There is a buildup to tonight’s Atlassian earnings call that is unusual for a midcap software firm. Regular guidance updates or revenue beats are not what investors are hoping for. In order to determine whether the AI-driven fear that has reduced Atlassian’s market value from $63 billion in early 2025 to roughly $18 billion today is a real structural threat or a narrative overshoot, they are waiting for any signal.
The stock is currently trading at about $70.40, down 69% over the last 12 months and 57% so far this year. That’s the kind of drawdown that needs to be addressed. After the market closes tonight, the report will begin to decide whether version of the story is true.
| Atlassian Corporation (TEAM) — Key Information | Details |
|---|---|
| Company | Atlassian Corporation |
| Ticker | NASDAQ: TEAM |
| Recent Price | About $70.40 |
| Market Cap | Approximately $18.4 billion |
| 52-Week High | $242.00 |
| 52-Week Low | $56.01 |
| Year-to-Date Decline | About 57% |
| Trailing 12-Month Decline | About 69% |
| Q2 FY2026 Revenue | $1.59 billion (+23.3% YoY) |
| Q3 FY2026 Earnings Date | April 30, 2026 (after close) |
| Expected Q3 EPS | $1.33 |
| CEO and Co-Founder | Michael Cannon-Brookes |
| Headquarters | San Francisco, California |
| Notable Products | Jira, Confluence, Rovo AI |
| Analyst Consensus | Buy, $130-$163 target range |
The foundations are still intact. With revenues of $1.59 billion, up 23.3% year over year, Atlassian exceeded analysts’ revenue projections last quarter. The company also topped EBITDA estimates, and its revenue guidance for the upcoming quarter exceeded analysts’ expectations. The market anticipates that Atlassian’s sales will climb by 25% year over year this quarter, up from 14.1% in the same period last year. The company has been doing well by conventional SaaS criteria. Deep value conversations on one side and doubts about long-term defensibility on the other are produced by the discrepancy between operating performance and stock price.
We’ve practiced the bear case a lot. Investors are worried that Jira may become obsolete when autonomous coding bots open and close tickets, and application software businesses are at risk of UI commoditization.
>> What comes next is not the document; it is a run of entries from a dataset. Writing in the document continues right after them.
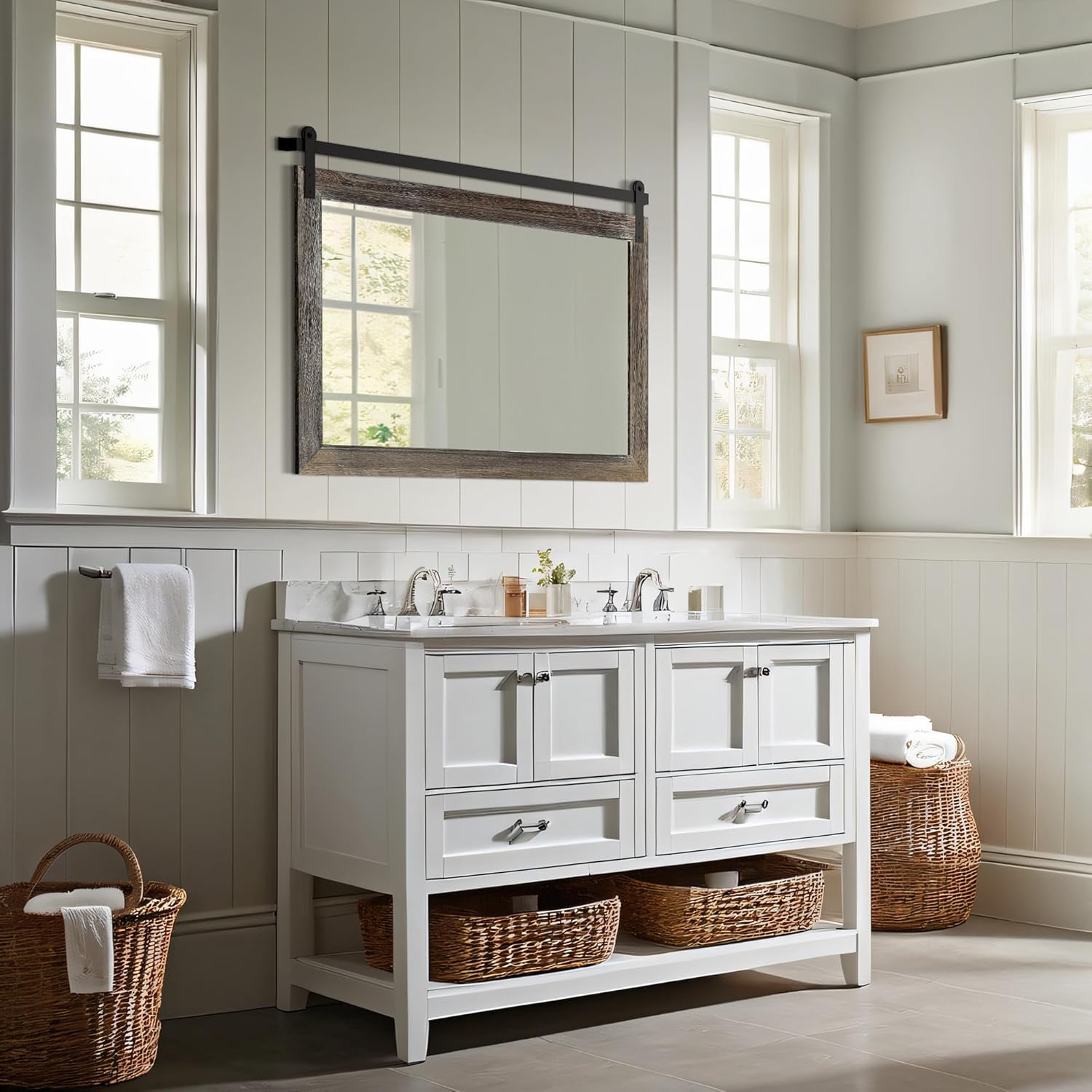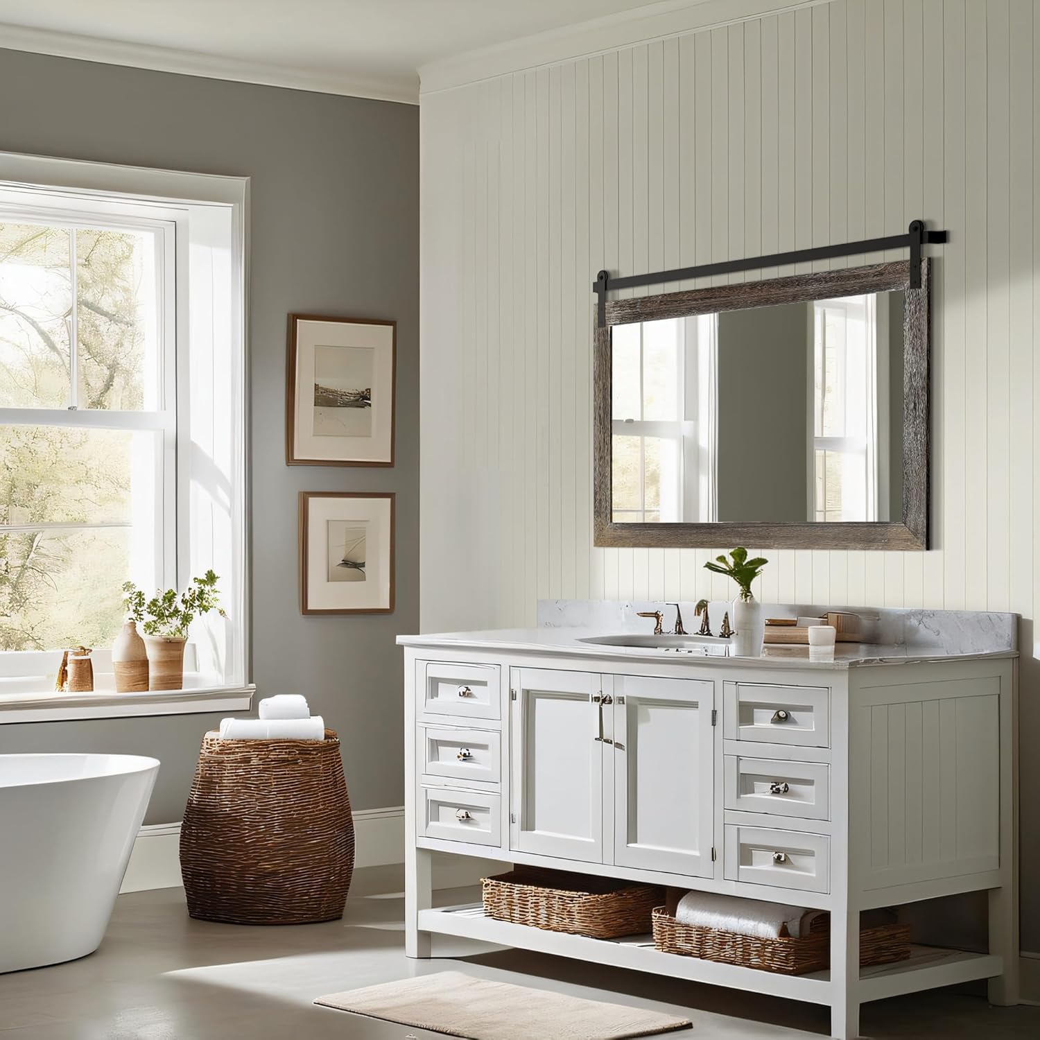 - USAGE OCCASIONS: This wall mirror is perfect for hanging in a large bathroom with enough space, on a sofa in a living room or over a fireplace as a complement to a farmhouse-themed space. If you are planning to remodel your room, then it would be a good choice
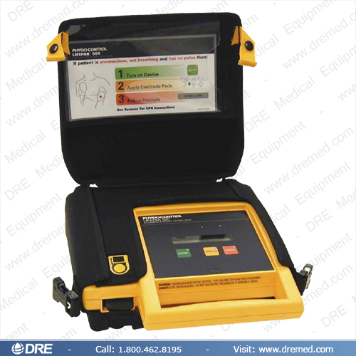 El Lifepak 500 AED, fábrica vendida reacondicionada del Physio-control de Medtronic, es diseñado para ser usado por primeros respondedores a emergencias cardíacas. El LP500 AED es ligero en 7 libras (3.2kg) y está disponible en modelos de biphasic o monophasic. Una batería de cinco años de litio significa que requieren ningún poder de corriente alterna. Los 2 simples o la operación de 3 botones toman a un usuario por el proceso de defibrillation con visual y de audio apunta. Secuencia de energía de salida: 200, 200, 360 o 200, 300, 360. Mostrado con transporte de caso.
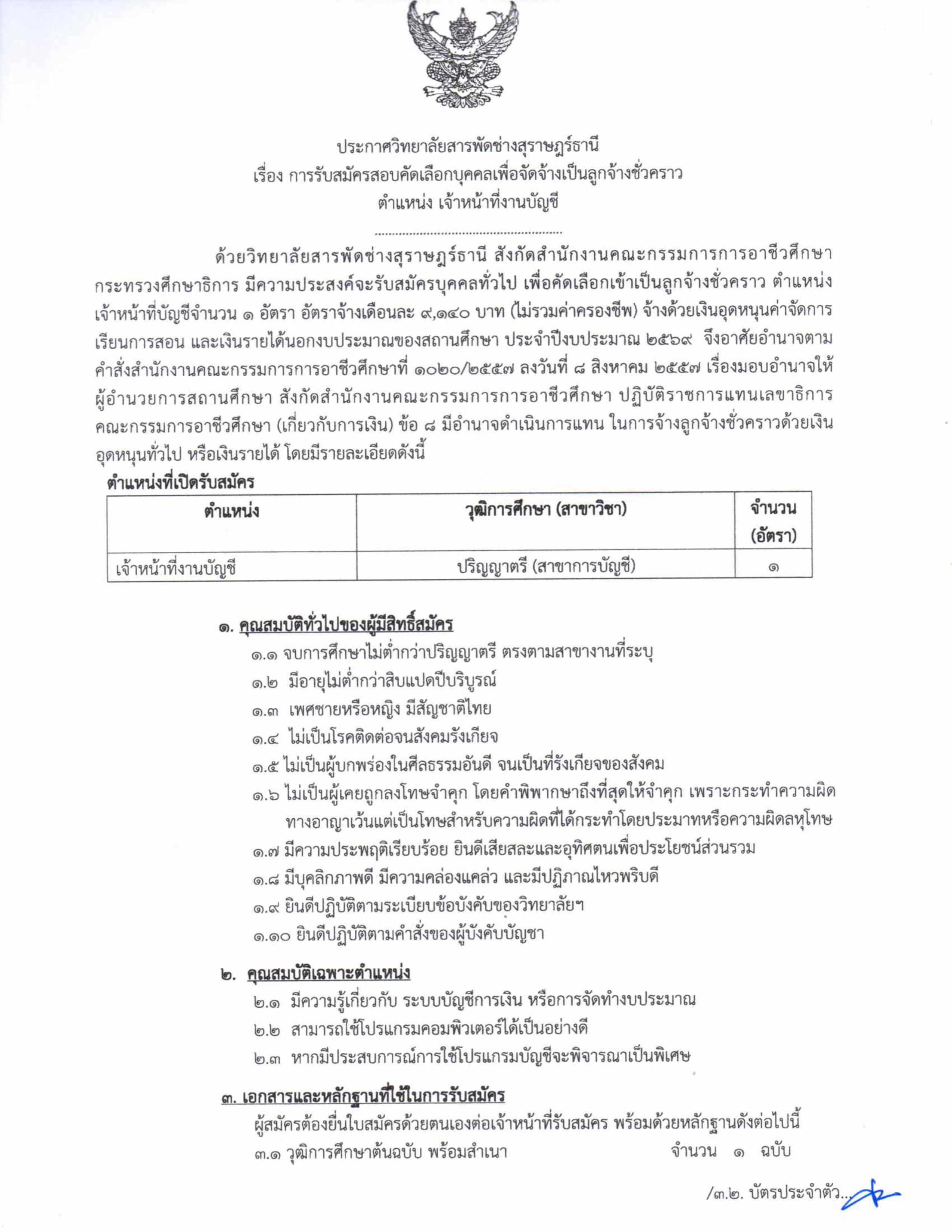 ประกาศ เรื่อง การรับสมัครสอบคัดเลือกบุคคลเพื่อจัดจ้างเป็นลูกจ้างชั่วคราว ตำแหน่ง เจ้าหน้าที่งานบัญชี
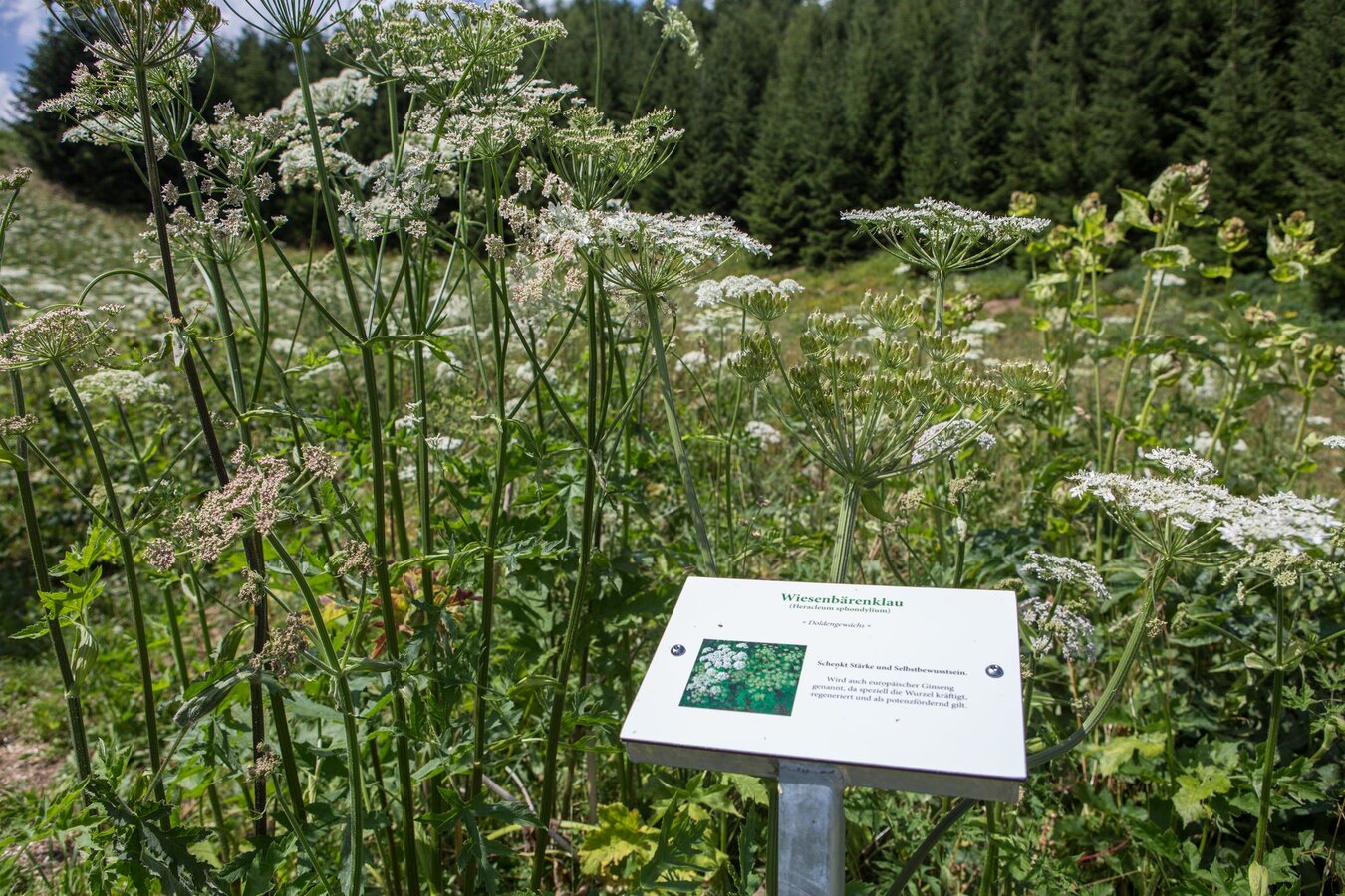 Ein schmaler Steig führt dich durch die Natur und zeigt an mehreren Stationen die faszinierenden Eigenschaften und vielfältigen Verwendungsmöglichkeiten heimischer Wildkräuter.
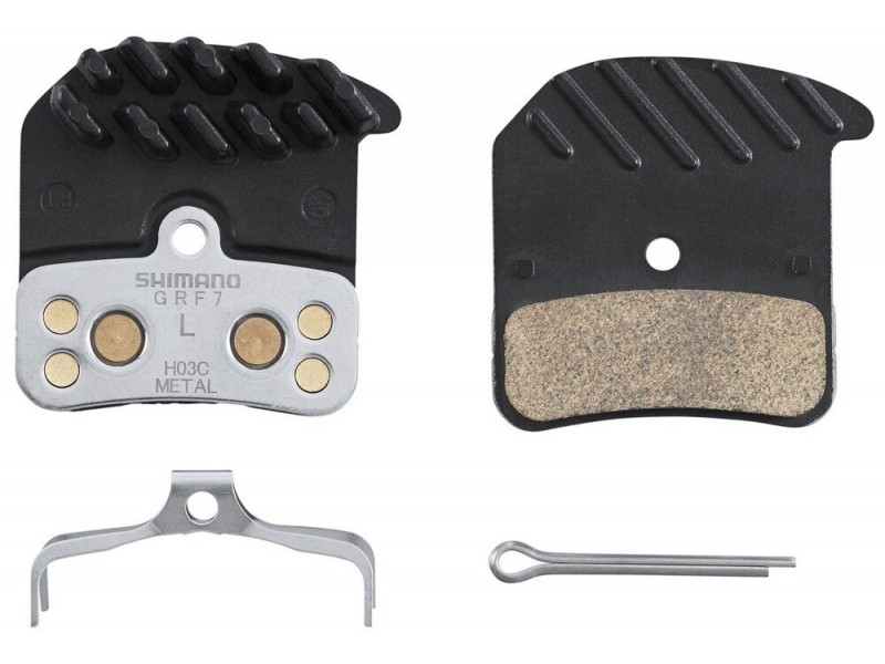 Brzdové destičky SHIMANO H03C-MFA metal, s chladiči čtyřpístkové, v krabičce

The idea is that, in an environment where AI agents handle more of the development cycle, the entire ticket-tracking, project-management workflow that Jira and Confluence are built around may become less crucial to the software development process, rather than just that AI tools compete with Atlassian.
The question driving the valuation reset is whether that manifests as a slow-burn sales headwind over several years or if it never quite happens at the speed bears anticipate. All of this has been the subject of significant disagreement within the analyst community. Cantor Fitzgerald reduced its objective to $98 from $146, BofA lowered its aim to $84 from $150, and BTIG reduced its price target to $110 from $140 while keeping a Buy rating in only the last week.
The underlying ratings have largely remained strong despite the significant decreases. With an average price target of $130, which suggests 81% upside potential, and Oppenheimer’s most recent bullish call on April 17, 2026, almost 80% of covering analysts are still optimistic about the stock. You can learn something significant from the divide. The stock is not being abandoned by the analysts. They are simply realizing that the way back to past highs requires more effort than they had previously thought.

The second event worth attending is the Investor Forum on May 6. It will be used by Atlassian management to describe the Rovo AI plan, the freshly expanded Google Cloud relationship, and the trends in seat growth throughout the clientele.
The forum’s ability to reset Wall Street expectations is limited because the firm will not present long-term financial targets during the event. However, there is where the qualitative argument for Atlassian’s strategy to compete in an AI-driven workflow environment will be most fully expressed. It will take several quarters to see if the argument succeeds or strengthens investor skepticism.
Observing the way this stock has fluctuated, it seems like Atlassian has emerged as a particularly clear test case for whether the more general AI disruption thesis applies cleanly to business SaaS. With $1.5 billion in quarterly revenue, the corporation continues to increase by 23%. It’s not a failing company. It’s a profitable company priced as though its future is seriously in jeopardy.
The volatility surrounding tonight’s print might be significant in either direction, so anyone thinking about TEAM at current levels should carefully size the position and speak with a certified financial advisor. This is not the end of the narrative. We’ll learn a lot about the chapter we’re in over the following 24 hours.